- **Exercise directions**: Look below for the line that has "夜光小心台阶地贴地滑小心玻璃". Set down the lines from there through the line that has "Botines de tobillo", exactly as written.

- **Extracted records**:
+++++

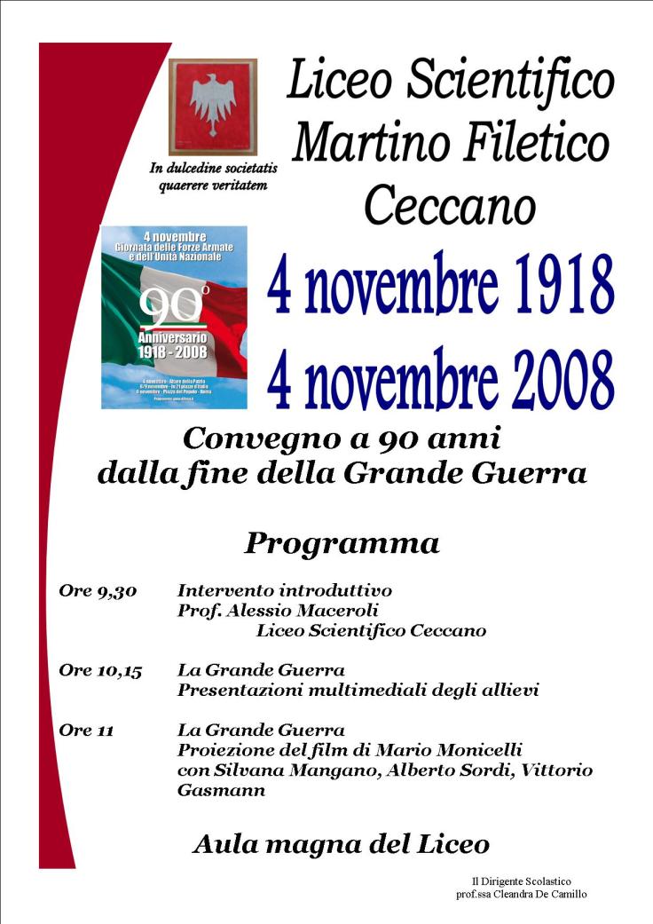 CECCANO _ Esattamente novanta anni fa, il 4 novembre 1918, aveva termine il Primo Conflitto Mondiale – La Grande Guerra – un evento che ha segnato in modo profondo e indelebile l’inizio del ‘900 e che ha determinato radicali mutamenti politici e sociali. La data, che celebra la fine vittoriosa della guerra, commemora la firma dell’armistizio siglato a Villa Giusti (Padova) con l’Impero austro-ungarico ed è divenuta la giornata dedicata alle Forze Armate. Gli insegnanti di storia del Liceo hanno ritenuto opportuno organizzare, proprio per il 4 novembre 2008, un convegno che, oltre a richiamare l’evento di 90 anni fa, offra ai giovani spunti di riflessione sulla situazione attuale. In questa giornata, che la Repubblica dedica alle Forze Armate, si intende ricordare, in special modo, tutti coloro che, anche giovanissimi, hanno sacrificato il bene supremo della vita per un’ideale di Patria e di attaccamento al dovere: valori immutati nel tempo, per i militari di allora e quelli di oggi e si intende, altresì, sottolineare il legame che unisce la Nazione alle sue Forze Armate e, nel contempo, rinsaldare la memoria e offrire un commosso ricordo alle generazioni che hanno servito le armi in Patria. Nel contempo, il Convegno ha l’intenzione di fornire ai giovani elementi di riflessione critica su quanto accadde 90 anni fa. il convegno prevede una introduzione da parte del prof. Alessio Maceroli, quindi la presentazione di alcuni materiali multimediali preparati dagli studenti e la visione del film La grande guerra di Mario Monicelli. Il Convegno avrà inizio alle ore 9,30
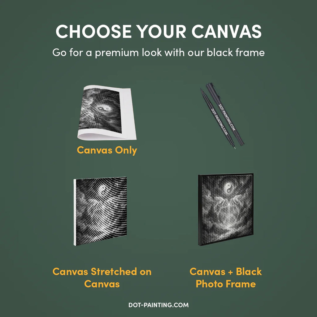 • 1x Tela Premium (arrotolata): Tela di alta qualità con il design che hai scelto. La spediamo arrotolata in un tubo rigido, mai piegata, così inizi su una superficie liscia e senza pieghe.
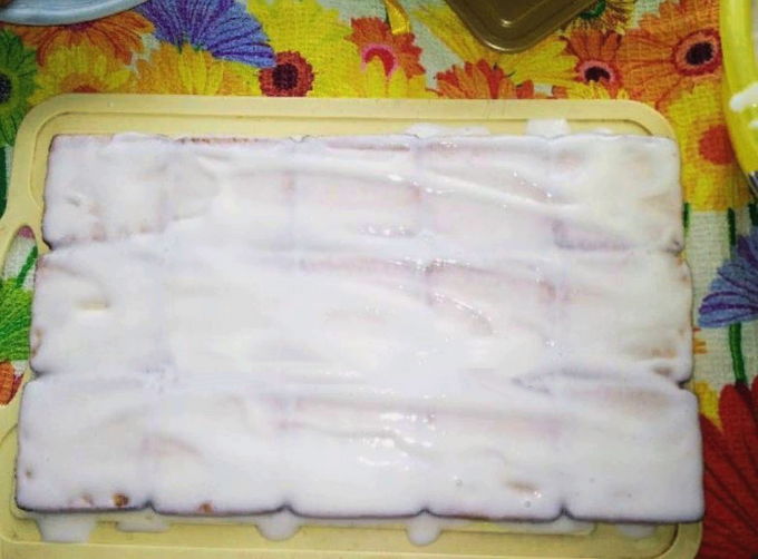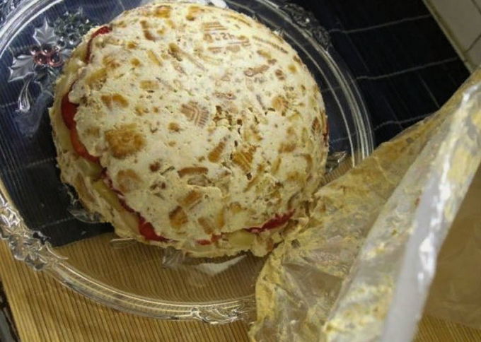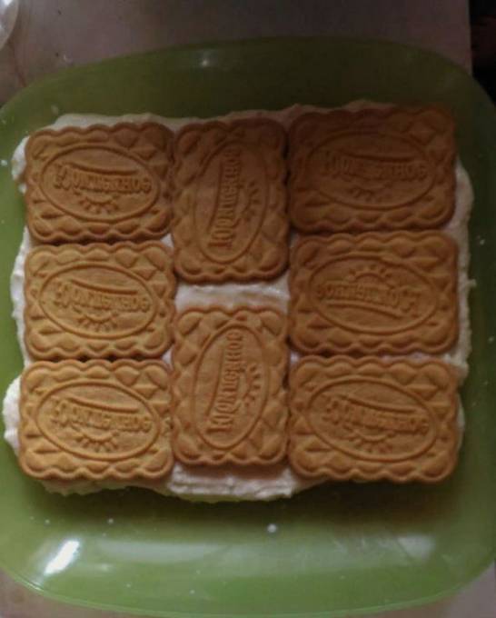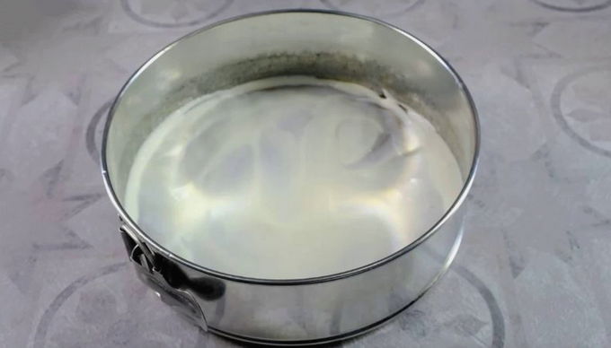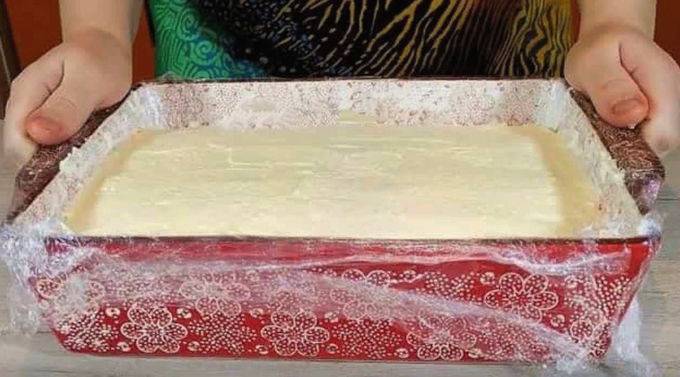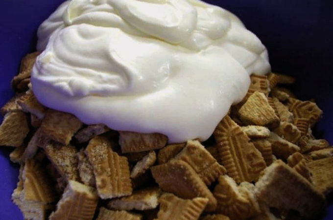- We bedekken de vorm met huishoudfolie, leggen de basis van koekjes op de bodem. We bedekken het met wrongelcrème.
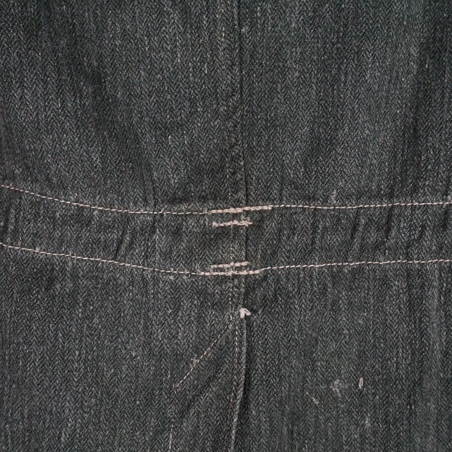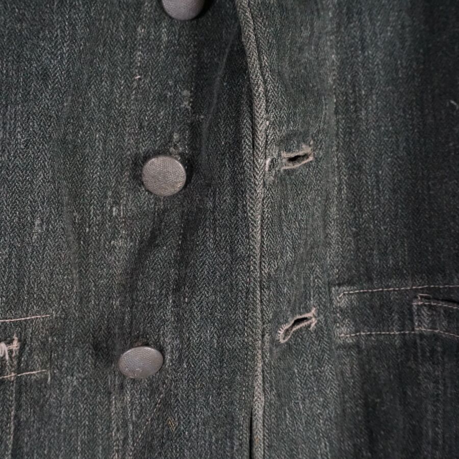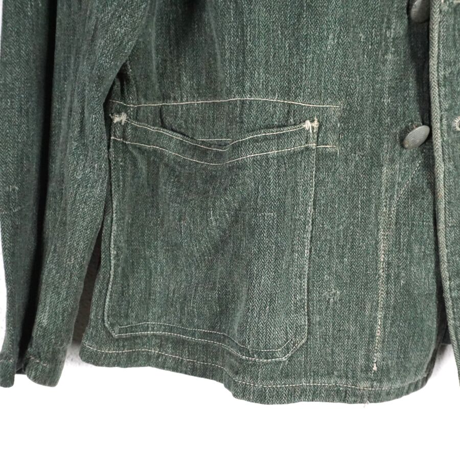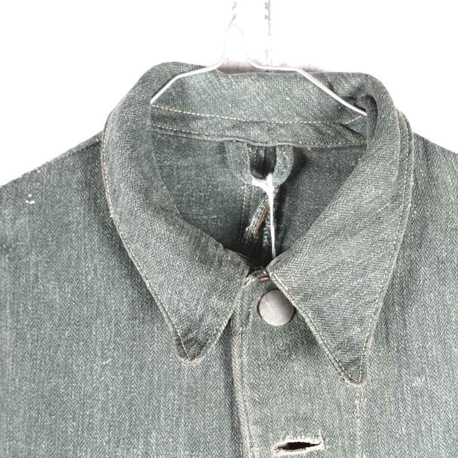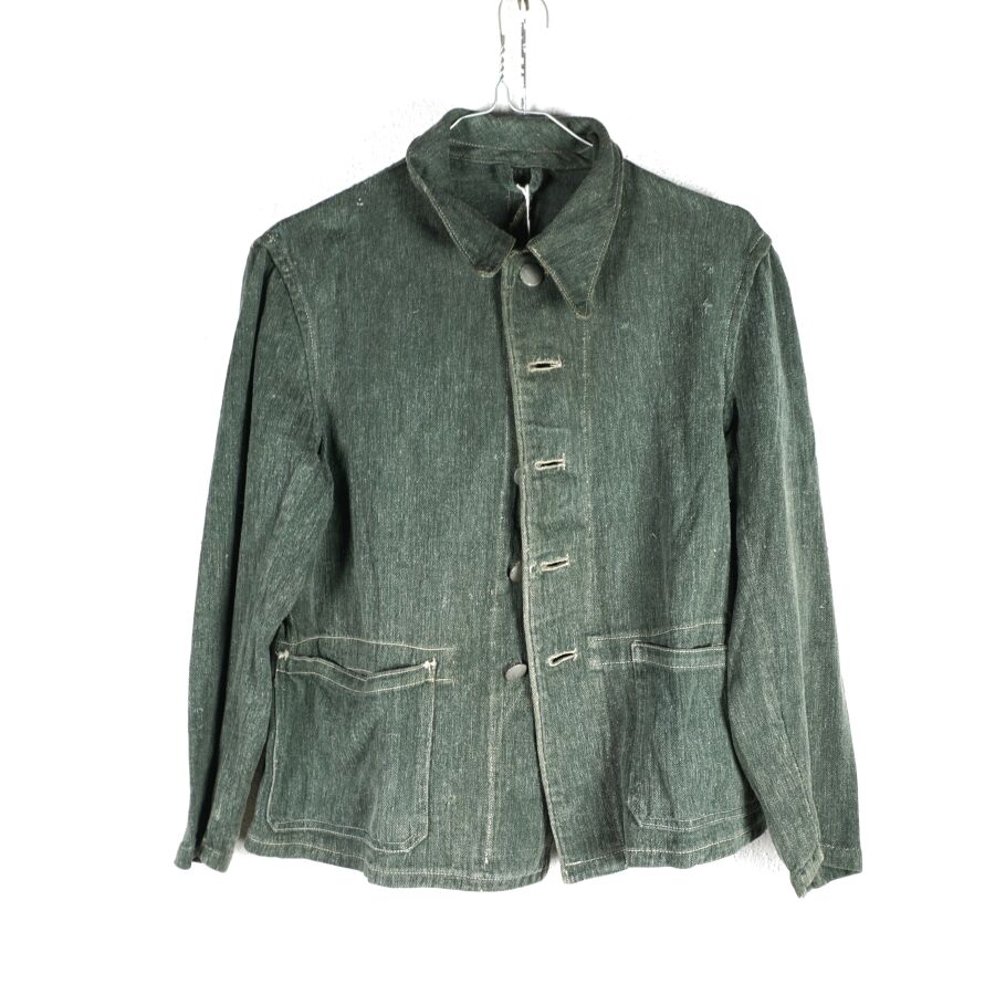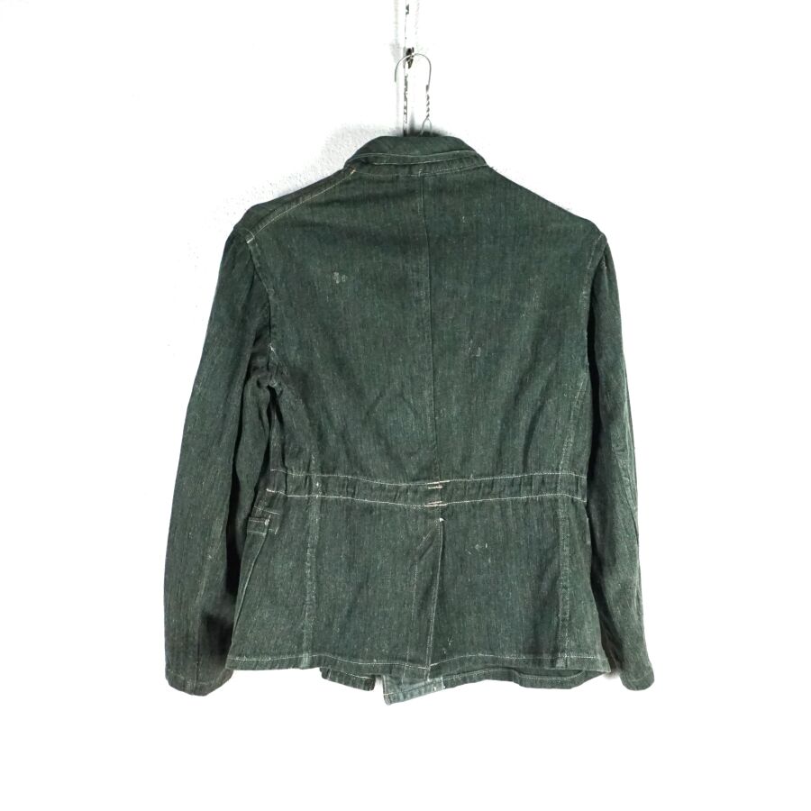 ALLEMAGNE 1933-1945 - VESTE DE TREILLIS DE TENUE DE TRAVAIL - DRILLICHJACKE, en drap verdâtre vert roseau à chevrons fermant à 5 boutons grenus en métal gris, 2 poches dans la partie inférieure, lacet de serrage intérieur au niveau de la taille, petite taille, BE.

+++++

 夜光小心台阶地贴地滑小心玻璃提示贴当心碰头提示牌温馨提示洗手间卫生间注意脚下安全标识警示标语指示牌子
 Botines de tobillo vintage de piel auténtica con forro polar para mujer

+++++

- **Solution to this exercise**:
 夜光小心台阶地贴地滑小心玻璃提示贴当心碰头提示牌温馨提示洗手间卫生间注意脚下安全标识警示标语指示牌子
 Botines de tobillo vintage de piel auténtica con forro polar para mujer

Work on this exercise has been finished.